> [PROBLEM TO WORK ON]
An exact copy of the data is needed, but without any of its images.

> [DATA EXCERPT]
%%

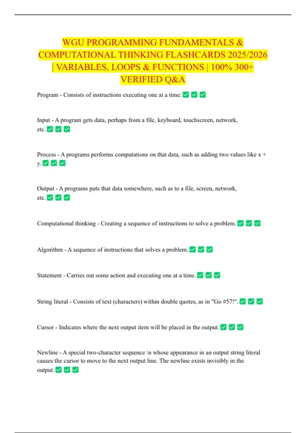 WGU PROGRAMMING FUNDAMENTALS & COMPUTATIONAL THINKING FLASHCARDS 2025/2026 | VARIABLES, LOOPS & FUNCTIONS | 100% VERIFIED Q&A
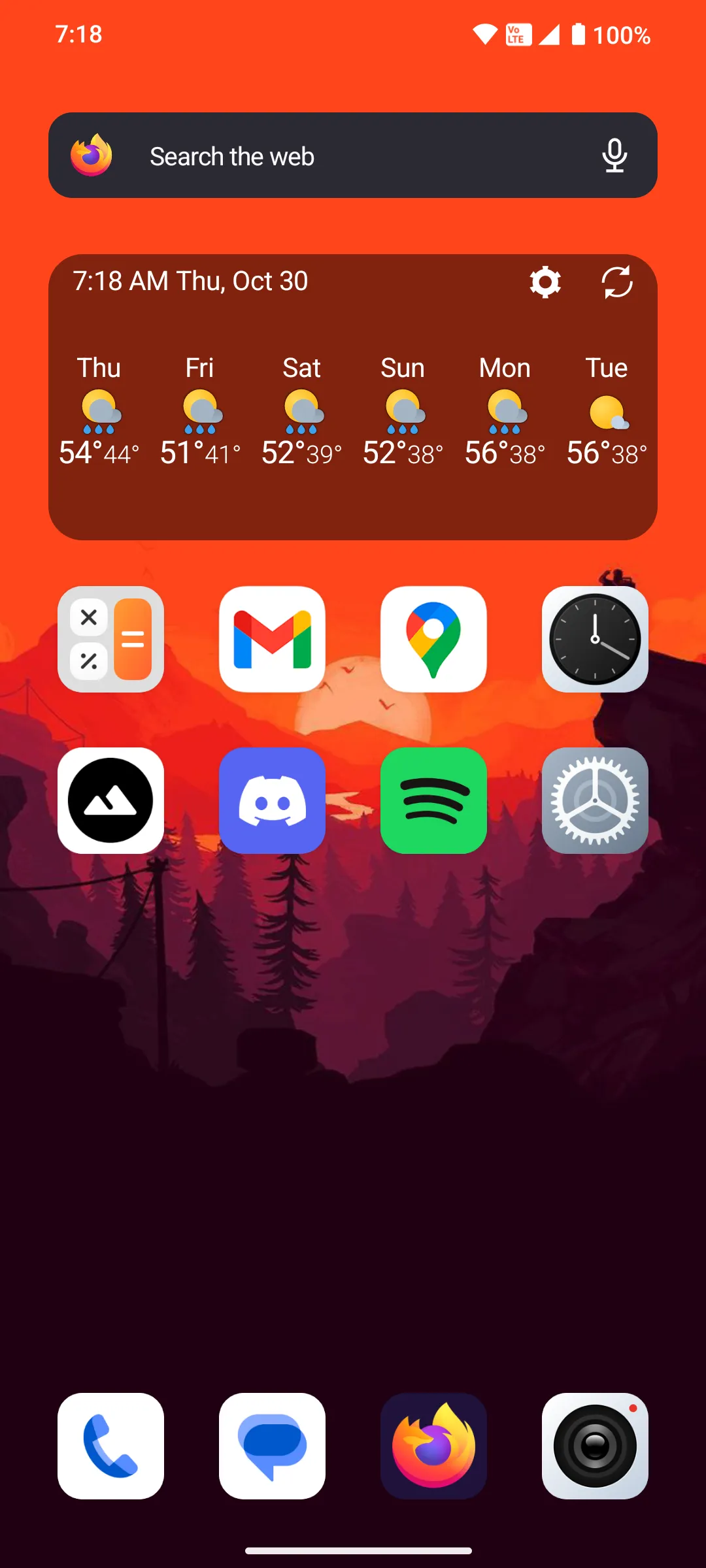 The wallpaper: Some art from Firewatch. I’ve got the orange backplate on my phone so I like to use orange wallpapers to match.
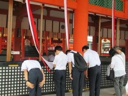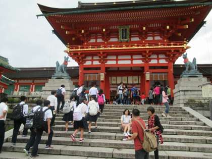 雲は厚いですが、雨はあがり、見学に傘は必要なくなりました。多くの班が訪れる伏見稲荷大社は外国人の姿もたくさんみられました。

%%

> [RESPONSE TO THIS TASK]
 WGU PROGRAMMING FUNDAMENTALS & COMPUTATIONAL THINKING FLASHCARDS 2025/2026 | VARIABLES, LOOPS & FUNCTIONS | 100% VERIFIED Q&A
 The wallpaper: Some art from Firewatch. I’ve got the orange backplate on my phone so I like to use orange wallpapers to match.
 雲は厚いですが、雨はあがり、見学に傘は必要なくなりました。多くの班が訪れる伏見稲荷大社は外国人の姿もたくさんみられました。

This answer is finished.